Sky-Vue Drive-In will have a screen that will measure 35 feet by 70 feet. The grounds will have space for 180 vehicles, and the movie sound track will be carried over a low-power FM frequency.
Drive-ins are a different market than walk-in theaters, and the theater should not have a problem getting first-run movies most of the time, Chenault said.
"If we were a walk-in theater it wouldn't even be feasible (to open a small, locally owned theater), because you can't compete against Hollywood or Carmike," he said.
But people who go to a drive-in theater will go for a different experience, and those same people will also be walk-in theater patrons, he said.
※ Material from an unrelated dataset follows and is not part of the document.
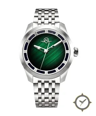 Eine Dress-Uhr mit einem markanten 46mm Auftritt am Handgelenk, gefertigt aus Edelstahl mit einem Zifferblatt in grün und einer besonderen "striated gradient (malachite-like)"-Oberfläche.

Drive-ins for many years have been thought of as relics from a different age.
According to information from the Web site, driveintheater.com, the first drive-in opened in the 1930s, and, after a slow period during World War II, drive-ins boomed in the 1950s, with nearly 5,000 screens in operation.
But the 1960s and 1970s saw many drive-in theaters close. The trend continued through the 1980s, with less than 1,000 screens operating by the early 1990s. Reasons included the convenience of cable television and the VCR.
Drive-in closures leveled off during the 1990s, and some even added screens, according to drivein.com information. In 1998, about 800 screens were operating.
Chenault and Mrs. Phillips said the theaters are becoming more numerous in the Lone Star state.
"There are now 20 drive-ins in the state of Texas," Mrs. Phillips said. "In 1999, Texas had eight drive-ins."
The Sky-Vue Drive-In will be modeled after the 1950s-style drive-ins, except it will have larger restrooms and handicap access, Chenault said.
Chenault's experience in movie theaters began more than two decades ago, and he has known Phillips for many years. He and his sister said they do not worry about the theater being a family partnership.
"Actually we all get along really, really good, and that's why we decided to go into it together as a family," Mrs. Phillips said.
Ronda and Jim Phillips own Five-Star Builders in Lindale.
Chenault and Phillips will own the theater, and Mrs. Phillips and Chenault's wife, Lala, will be managers.
The family concept will transcend to the types of movies that are shown.
"It will be new movies, it will be a family theater," Mrs. Phillips said. "No R-rated movies. We will only show PG -13 and lower."
Mrs. Phillips said prices will be $6 for adults and $4 for children 12 and under. She said the partners believe people will find the prices economical enough to afford a family night out at the movies.
"I think the kids are really going to get a kick out of going to the drive-in and doing what their parents did, or their grandparents," she said, adding that perhaps younger people will realize that "we're not such old fogies; that we really did have something fun to do."
Chenault said theaters have always intrigued him. His first job was as a projectionist at the Rose Garden drive-in theater on East Fifth Street.
After a stint in the U.S. Air Force, he returned to Tyler and was able to work 40 hours a week as a part-time projectionist at the Gas Light Cinema, Times Square Cinema, Southloop 4 Cinema and Cinema 1&2. Full-time projectionists would often want a night off, and he would be their substitute.
He managed the Gas Light Cinema for about two years, leaving in 1993. Then, Chenault and a good friend, Jim Lamb, who managed the Southloop 4, sold their cars and bought projection equipment and re-opened the Mission Theater in Sulphur Springs.
"Jimmy Phillips helped a lot in Sulphur Springs' opening," Chenault said. "Jim and I couldn't have done it without Jimmy."
The theater was doing well, but Lamb died suddenly in 1996.
After that, Chenault sold the theater and attended nursing school. He is now a charge nurse at Mineola Community Care.
But he wanted to re-enter the theater business, and said he knows the new drive-in will do well.
"The other drive-ins that are built across the nation are doing bang-up business," Chenault said, adding the Galaxy in Ennis is the nearest drive-in theater to Tyler, with the exception of the Apache. It was built in 2003.
"They have four screens; they've been adding on ever since they opened," he said. "You have to get there about an hour early to get in."